Risk and Controversy – The Life of Mary Wortley Montagu

Jo Willett’s new biography.

The story of a woman who has her children inoculated against the smallpox at a time when most people, including the medical establishment, were highly sceptical towards such foreign practices certainly makes for timely reading during a pandemic. Sometimes it is worth taking a small risk to avoid a larger one. 

Mary Wortley Montagu learnt about smallpox inoculation while accompanying her husband on an embassy to Turkey in 1717. Having lost a brother to the disease and still living with the scars from her own brush with the virus, she was determined that her children should not suffer the same fate. So she had her son Edward inoculated in Turkey with the help of a local woman and her family doctor Charles Maitland.

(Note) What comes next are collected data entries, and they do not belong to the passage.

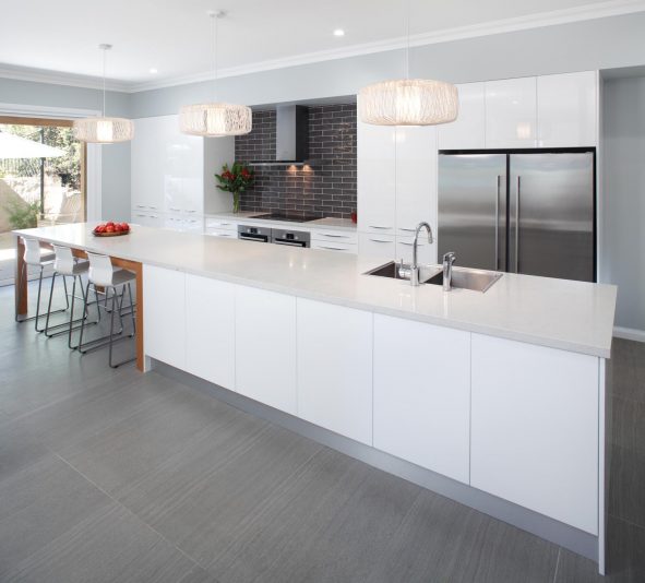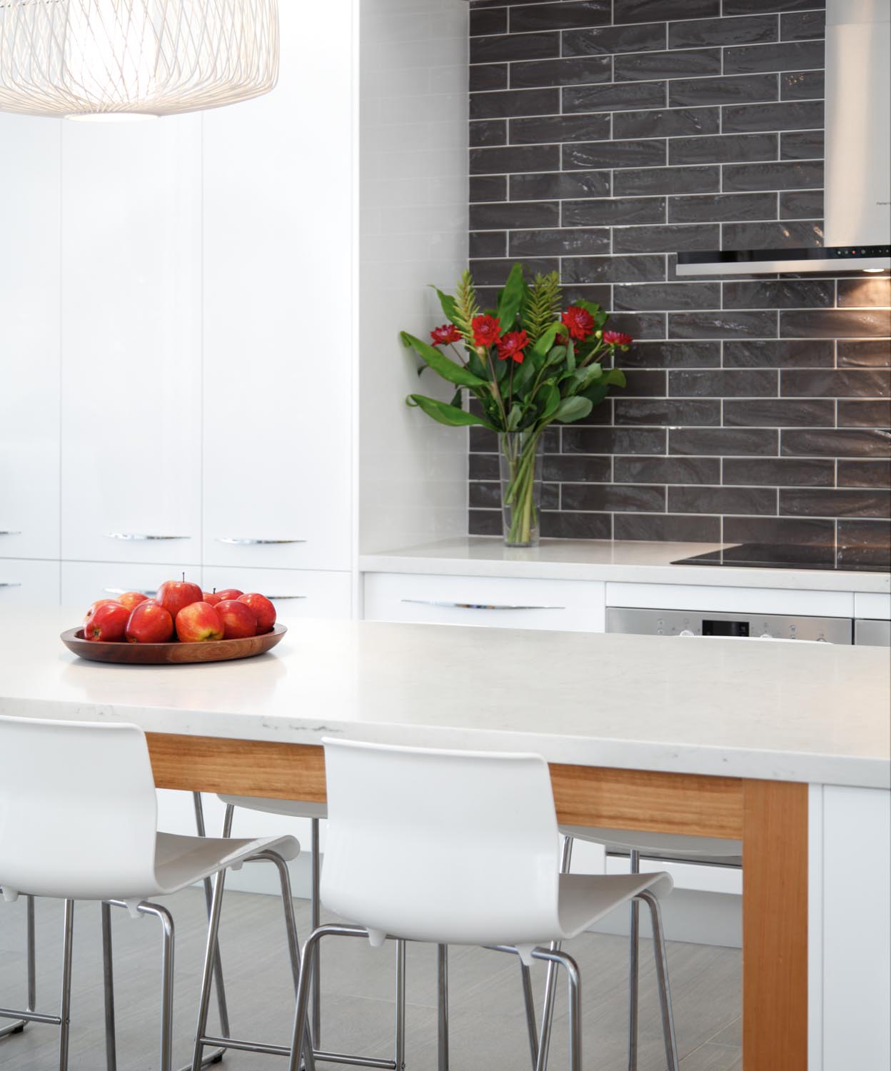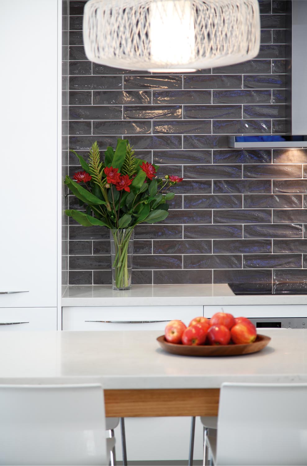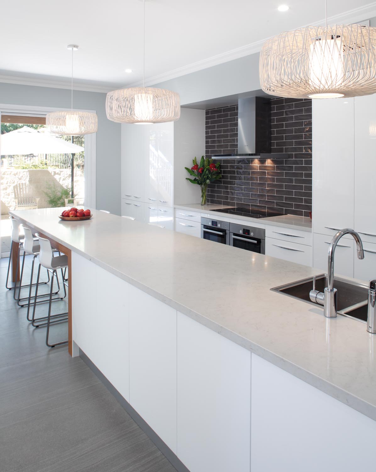 The dark grey tile splashback is elegant and complements the space. Extensive windows brighten up the room with natural light, while stylish white pendant lights provide light in the evening. Simple silver-handle wares create a sense of minimalism and uniformity. The long island bench provides extensive space for dining, work and entertaining and has plenty of storage.”
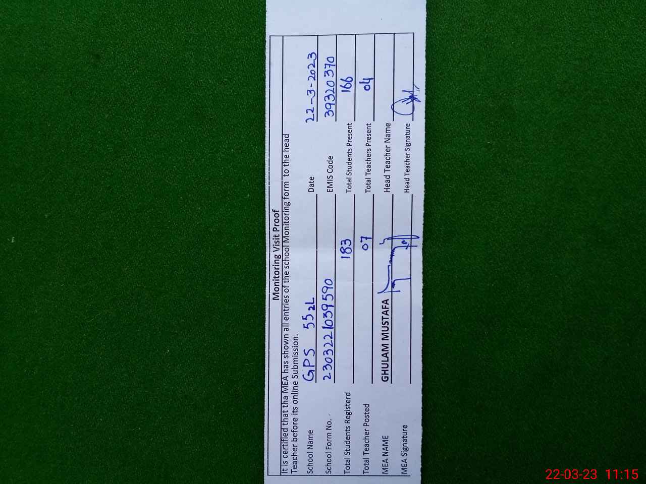 | Certified that this School was Inspected by the Undersigned MEA/DMO Today and the Information Stated Above is as Per Record. | |||||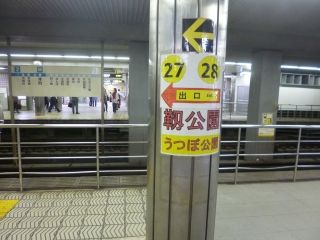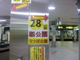 聞く人も多いんでしょうね。あちこちに大きく28番出口の案内が出ています。ほんと・・・四つ橋線のホームも縦断したし、地下鉄の出口までが遠い~!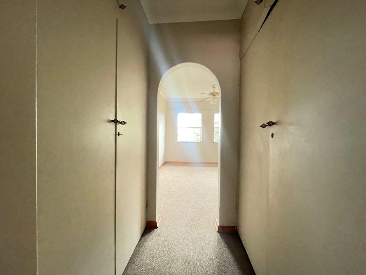 The neat kitchen is thoughtfully designed, providing ample space for culinary adventures and leading to a quaint courtyard, offering additional outdoor space for your personal touch.

Wortley Montagu later introduced the practice to Western medicine after her return to England.

Most controversially, she and Maitland demonstrated the inoculation process on her own young daughter Mary during the 1721 smallpox epidemic in England in a case which caused a great stir among the medical profession and among society as a whole. Subsequently, Mary Wortley Montagu would travel the country to help inoculate the children of her friends and acquaintances and so contributed to establishing the practice in England.

Jo Willett retells this famous story and many other, less well-known ones about this fearless Englishwoman in The Pioneering Life of Mary Wortley Montagu: Scientist and Feminist. Wortley Montagu certainly did not shy away from risk or controversy. In 1712, then still Mary Pierrepont, she eloped with Edward Wortley Montagu defying her father’s wishes to marry Clotworthy Skeffington and soon became a popular figure in London. She socialised with artists and writers as well as writing prose and poetry herself, and notably striking up an intense friendship with the poet Alexander Pope which later turned sour.

Nevertheless, the labels Willett attaches to Mary Wortley Montagu in her subtitle are jarring, not just because ‘scientist’ and ‘feminist’ are modern concepts. Even using them as analytical categories Willett overplays her hand. If Wortley Montagu should be considered a ‘scientist’ for bringing the smallpox inoculation to England, one might wonder, why was the ‘little old Greek woman’ (xxi) who had taught her about the process not credited in the same way? 

Wortley Montagu’s feminism could be questioned too. No doubt, she was an intelligent and independent woman with her own mind, she loved travelling and exploring and writing about it with great insight, and it is sad to think that we should still consider these features unusual. She also reflected much on the role and status of women and their relative lack of freedom.

But the story told by Willett also shows a woman who travelled for years around Europe in pursuit of one man, Count Francesco Algarotti, who clearly did not love her, and who found herself deceived and deprived of her freedom by another, Count Ugolino Palazzi, against whom she seems to have put up little resistance. 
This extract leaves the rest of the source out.